NEW DELHI, INDIA — India’s IT sector, worth nearly US$250 billion, will face a further slowdown in revenue growth to mid-single digits in FY24, according to the domestic rating agency ICRA.
Amid ongoing uncertainties, hiring in the sector is also predicted to remain at “low levels” in the near future.
ICRA’s forecast comes on the heels of a report by the industry lobby group NASSCOM, which revealed a decline in the sector’s growth to 8.4% in FY23, down from over 15% in the previous fiscal year.
“Despite a strong order book and deal pipelines of Indian IT services companies, we expect the revenue growth to remain subdued in mid-single digits in USD terms in FY2024,” said ICRA.
However, the agency maintained a stable outlook for companies in the sector, typically recognized for having the best leverage positions.
ICRA cited macroeconomic headwinds in the United States and Europe. These regions generate up to 90% of the industry’s revenues as significant contributors to the slowed growth in the past two quarters.

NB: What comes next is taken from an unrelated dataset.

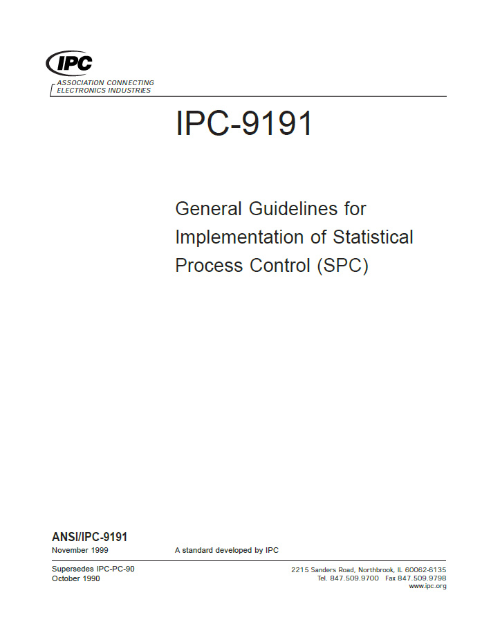IPC-9191 reflects the principals of statistical process control (SPC) represented by ISO/DIS 11462-1, Guidelines for Implementation of Statistical Process Control (SPC) -- Part 1: Elements of SPC. This document outlines the SPC philosophy, implementation strategies, tools, and techniques used for relating process control and capability to final product requirements. Supersedes IPC-PC-90.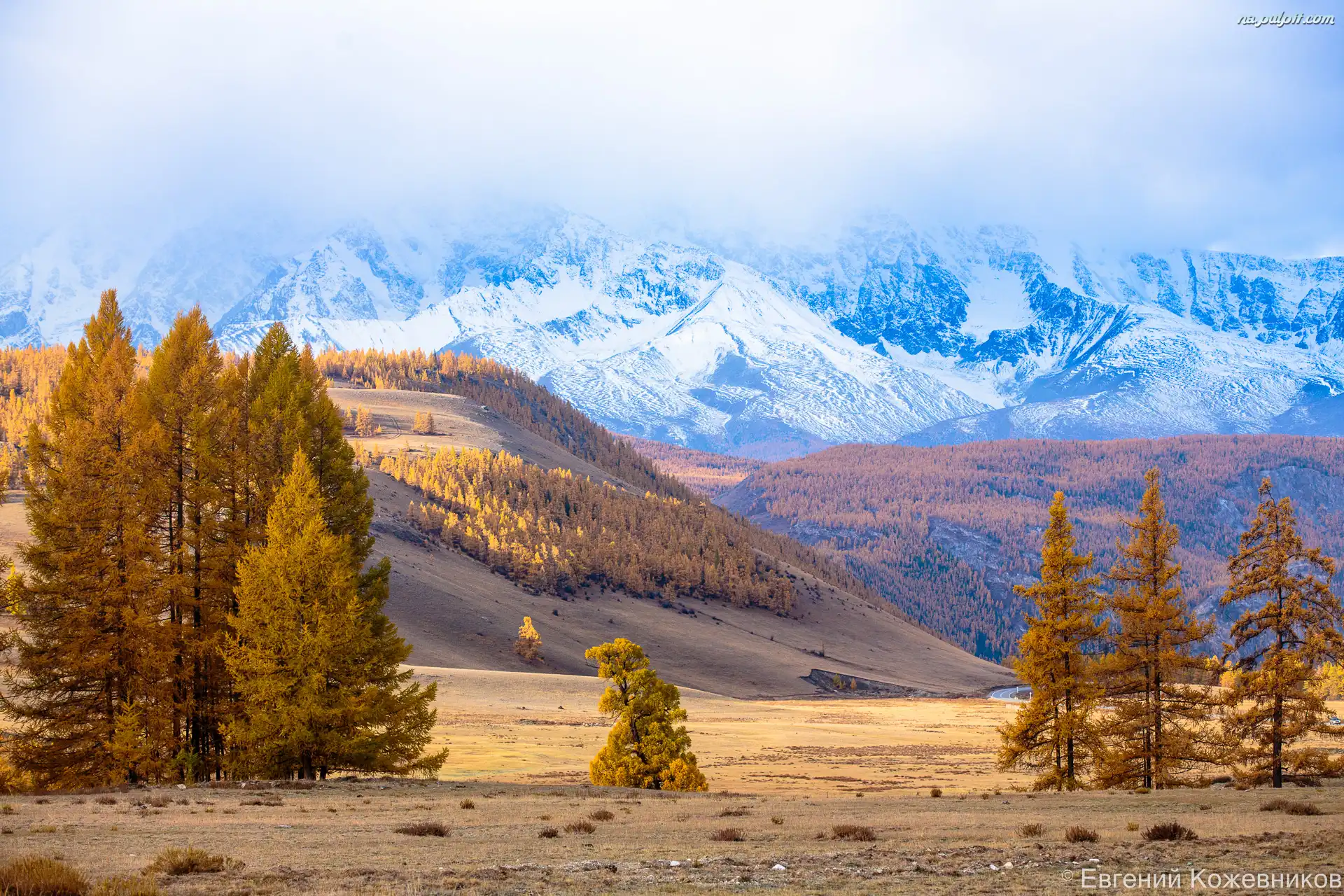 Rosja, Góry, Ałtaj, Wzgórza, Zalesione, Jesień, Drzewa Na Pulpit

In particular, the banking, financial services, and insurance segment, accounting for nearly a third of the overall revenues, faced more substantial declines due to crises in American banks.
ICRA also noted a 1.90% contraction in operating profit margins to 22.9% in FY23. Despite the predicted revenue growth slowdown, the agency expects this number to remain steady.
Employee addition in the top five companies dropped to 83,906 in FY23, down from 273,000 in FY22, reinforcing ICRA’s prediction of low-level hiring amid continuing macroeconomic uncertainty.